Those who had their instrumentation removed or were reinstrumented had a later presentation of their infection, with removal averaging 85 days (range 6–280 days) and reinstrumentation averaging 123 days (range 4–323 days) postoperatively. There was an earlier presentation for those who retained their implants, with suppression averaging 19 days (range 9–39) and no suppression averaging 29 days (range 6–90 days) postoperatively. The number of polymicrobial infections between the cohorts trended toward significance (*P* = .077), with those with instrumentation removed or reinstrumentation having over twice as many patients with polymicrobial infections than the cohorts with their instrumentation retained (Table 2).

View this table:
[Table 2](http://ijssurgery.com//content/12/4/490/T2)

Table 2 
Infection characteristics.

Patients with retained instrumentation without suppression had a single debridement, and there was a significantly greater number of debridements in those with instrumentation removed and exchanged (Table 3). The probability of retaining instrumentation dropped from 63% after the first debridement to 26% after the second and 17% after the third, and no patients were able to retain instrumentation if they had 4 or more debridements (Figure 2). No significant differences emerged when examining intraoperative interventions (Table 3).

View this table:
[Table 3](http://ijssurgery.com//content/12/4/490/T3)

Table 3 
Debridement characteristics.

![Figure 2](http://ijssurgery.com//http://www.ijssurgery.com/content/ijss/12/4/490/F2.medium.gif)

[Figure 2](http://ijssurgery.com//content/12/4/490/F2)

Figure 2 
Graphical representation of the probability of retaining instrumentation with each successive surgical debridement.
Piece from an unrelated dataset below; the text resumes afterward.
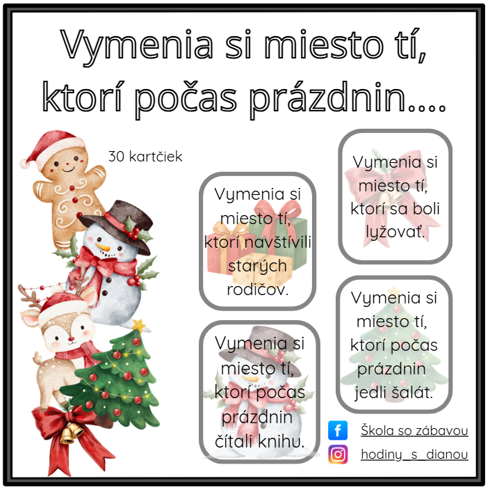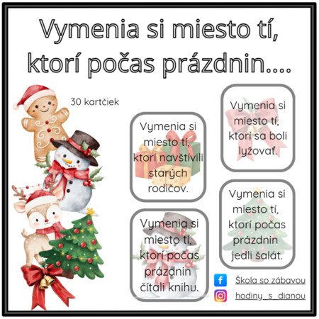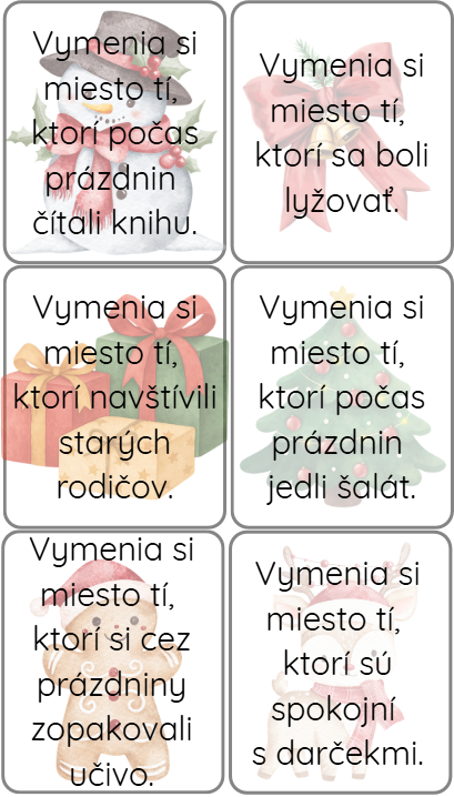 Napr: Vymení sa ten, kto sa cez prázdniny lyžoval. Postavia sa všetci žiaci, ktorí počas prázdnin lyžovali a ich úlohou je, aby si čo najskôr uchmatli ľubovoľnú stoličku. Žiak si nesmie sadnúť na to isté miesto. Pokiaľ mu už miesto neostalo, zoberie si kartičku, prečíta ju a opäť si žiaci vymenia miesto podľa pokynov na kartičke.

Patients with retention of instrumentation without suppression took an average of 255 days of oral antibiotics (range 7–689 days). Antibiotic regimens are shown in Table 4.

View this table:
[Table 4](http://ijssurgery.com//content/12/4/490/T4)

Table 4 
Antibiosis characteristics.

## DISCUSSION

These data aimed to analyze patients with SSI following spinal instrumentation that were assigned to 1 of 4 clinical interventions: implant removal, reinstrumentation, instrument retention with antibiotic suppression, and instrument retention without antibiotic suppression. Patient, infection, surgery, and antibiotic characteristics were obtained to see the emergence of any associations to the final clinical outcome.

Our result demonstrated that none of the patients with retained instrumentation without suppression had recurrence of infections after long-term follow-up. There is obviously selection bias present in this observation, as the patients taken off of antibiotics were thought to be less likely to have a recurrence of infection. However, it does offer evidence that, in some cases, infected spinal instrumentation can be retained without antibiotic suppression. Although it is hard to definitely state in which cases this lack of suppression is possible, in this series, patients with SSI that present acutely were able to retain their instrumentation after early aggressive debridement. Those with later presentations of infection more likely required removal or exchange of their spinal instrumentation.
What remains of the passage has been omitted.